Afterimage producer Michal Kwiecinski tells Geoffrey Macnab why Andrzej Wajda’s film about a great Polish artist is a fitting tribute to the late director’s remarkable career.
The last words uttered by the great Polish film-maker Andrzej Wajda before his death in October 2016 were to do with his work. The 90-year-old director, who had just been admitted to hospital, apologised to his producer Michal Kwiecinski that he had not had the time to read a new script he had been given.
This was only a week or so after Wajda’s latest feature, Afterimage, had been chosen as Poland’s foreign-language Oscar candidate. The director had a heart problem but he did not think it was serious and expected to travel with his film to Rome Film Festival. In the event, he died a few days later.
Afterimage marks a fitting endpoint to a directorial career that began more than 60 years ago. It is a film about the last days of Polish avant-garde artist Wladyslaw Strzeminski, who fell from grace in the late 1940s because he refused to accept the Stalinist doctrine of social realism.
Strzeminski, who died in 1952, had taught at the arts school in Lodz, and Wajda - then a young student at the Polish city’s renowned film school - was old enough to remember him at first hand.
Kwiecinski produced Wajda’s passion project Katyn (2007), about the massacre of Polish officers by the Russians in 1940, and had also worked with him on documentaries, plays and TV projects.
“Twenty years ago, when I met him [Wajda], he had this list of films he wanted to make,” Kwiecinski recalls. There were many titles on the list which, over the years, was whittled down. Some projects were completed, others put to one side. “Afterimage was the last title on this list he wanted to do.”
The story is about an artist struggling to keep afloat in a totalitarian society, and many different writers worked on versions of the screenplay, the most influential of whom was Andrzej Mularczyk, who also worked with Wajda on Katyn. The film concentrates on a few years towards the end of its subject’s life, and does not deal with Strzeminski’s relationship with his wife and artistic partner, Katarzyna Kobro, a major figure in Polish culture herself. The director believed that would have taken another movie.
Wajda was initially wary about the decision to put Afterimage forward as Poland’s Oscar candidate. He had received an Academy Award for lifetime achievement in 2000, and felt that it might be more appropriate to give the opportunity to a younger film-maker. When the Film Commission decided Afterimage was the film with the best chance of Oscar glory, however, the director was delighted - and energised. “He said it made him feel younger than 90,” says Kwiecinski.
Contemporary themes
Afterimage was not intended as a directly political film but many regard it as allegorical of contemporary Poland, where the right-wing Law and Justice party swept to power last year. To its critics, the new party seems as repressive and authoritarian as its Soviet antecedents. Wajda, who lived through the Second World War, the Communist era and the Solidarity period, was well accustomed to political upheaval. Kwiecinski says the film-maker was “depressed” about the election of the new government, but that he did not make Afterimage to attack the politicians.
The Polish government has not yet responded to the film, which will have its official premiere in Poland in January. Yet, in the wake of Wajda’s death, Kwiecinski is not expecting a hostile response. The storyline attacks the Communist system in the Soviet era and the Law and Justice party is strongly anti-Communist itself, so is likely to approve of at least that aspect.

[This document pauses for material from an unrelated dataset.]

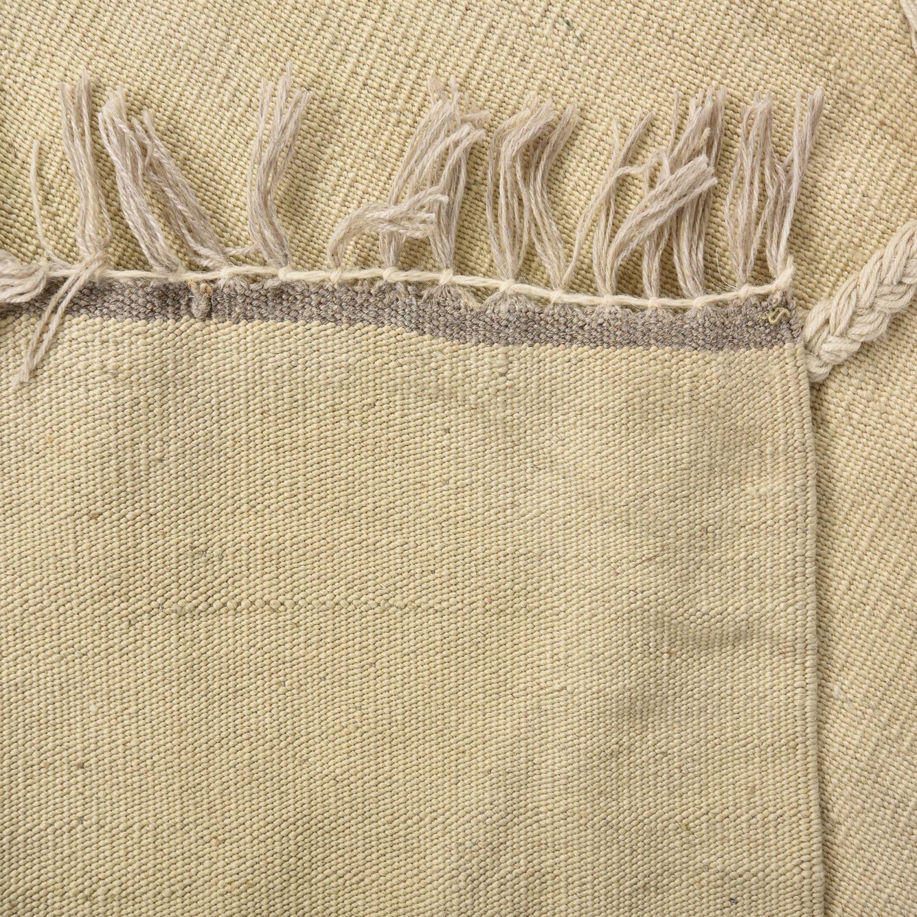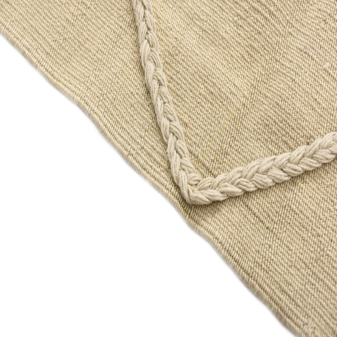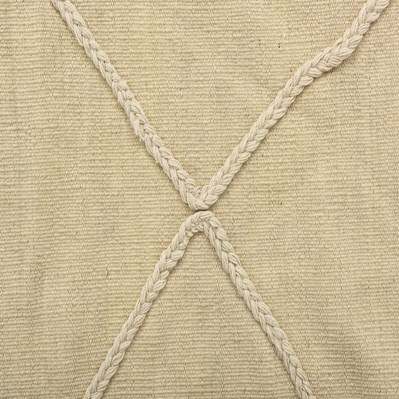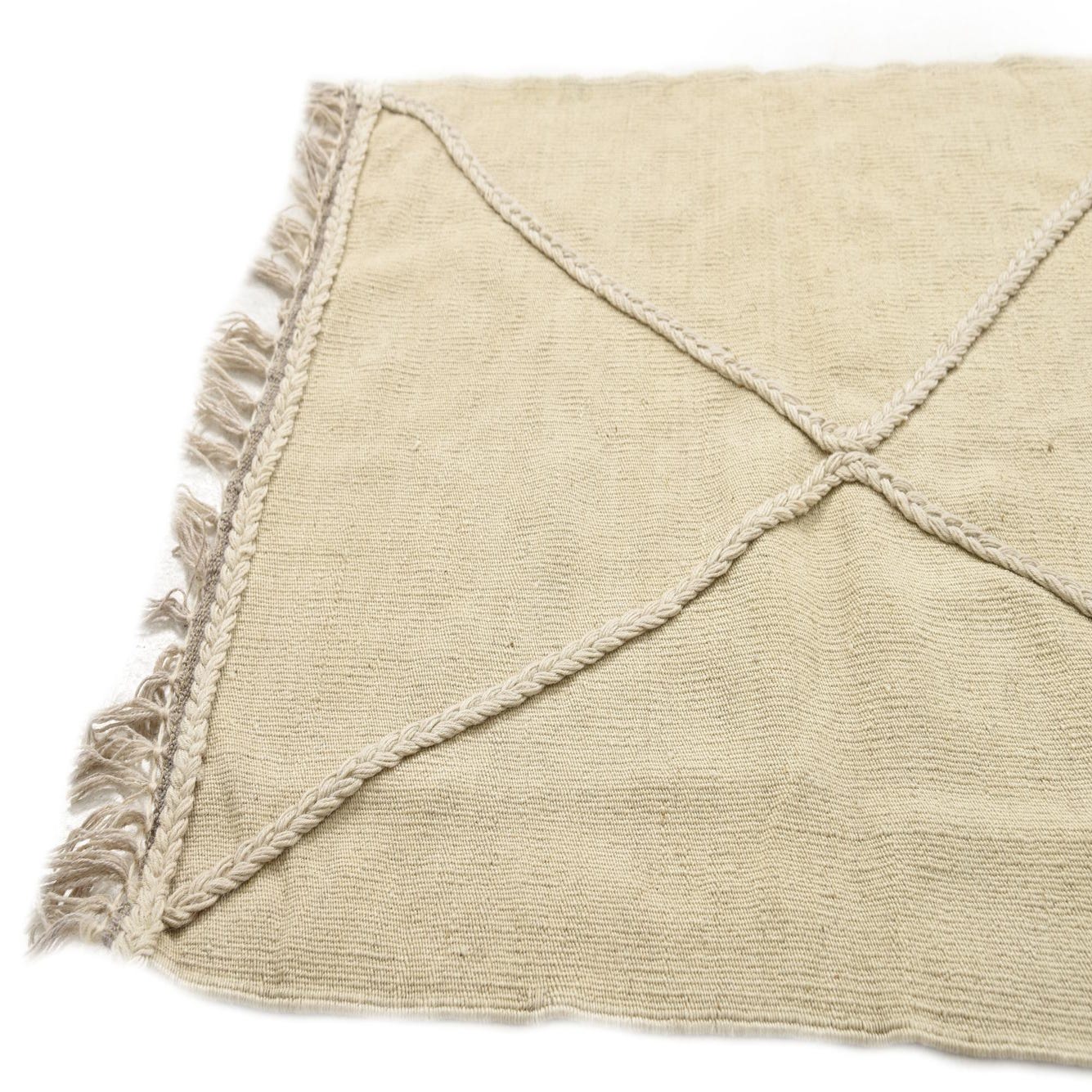 Hand-woven from 100% wool, this ivory runner pairs a smooth, flatwoven field with a raised braided diamond lattice that you can both see and feel. The monochromatic palette keeps the look calm while the hand-twisted cords add subtle depth and texture; short fringed ends reinforce the handcrafted character. The geometric pattern is clean and modern, with a gentle organic irregularity that gives the piece personality without dominating a room.

Kwiecinski suggests that Wajda’s interest in Strzeminski was not primarily in the artist’s political life but in the fact an artist of such stature, who knew and worked with Kandinsky, Chagall and Rodchenko as equals, ended up dying such an obscure death. Strzeminski (played by Boguslaw Linda) had lost an arm and a leg during the First World War, and the film uses CGI and green-screen to portray his disability. He was a stubborn figure, absolutely dedicated to his work, outspoken and “very serious”.
“I think he [Wajda] would have liked to be an artist like this but it was impossible,” Kwiecinski suggests. As a film-maker, the producer explains, you have to compromise and collaborate in a way that an artist does not.
Afterimage, which has been feted at festivals all over the world, is sold internationally by Films Boutique. The US release is being handled by Film Movement. It is fitting that Wajda was working at full tilt right until the very end. And to his producers, it is the perfect film with which to round off the 90-year-old auteur’s career, the last on that long list of titles he was determined to make before he died.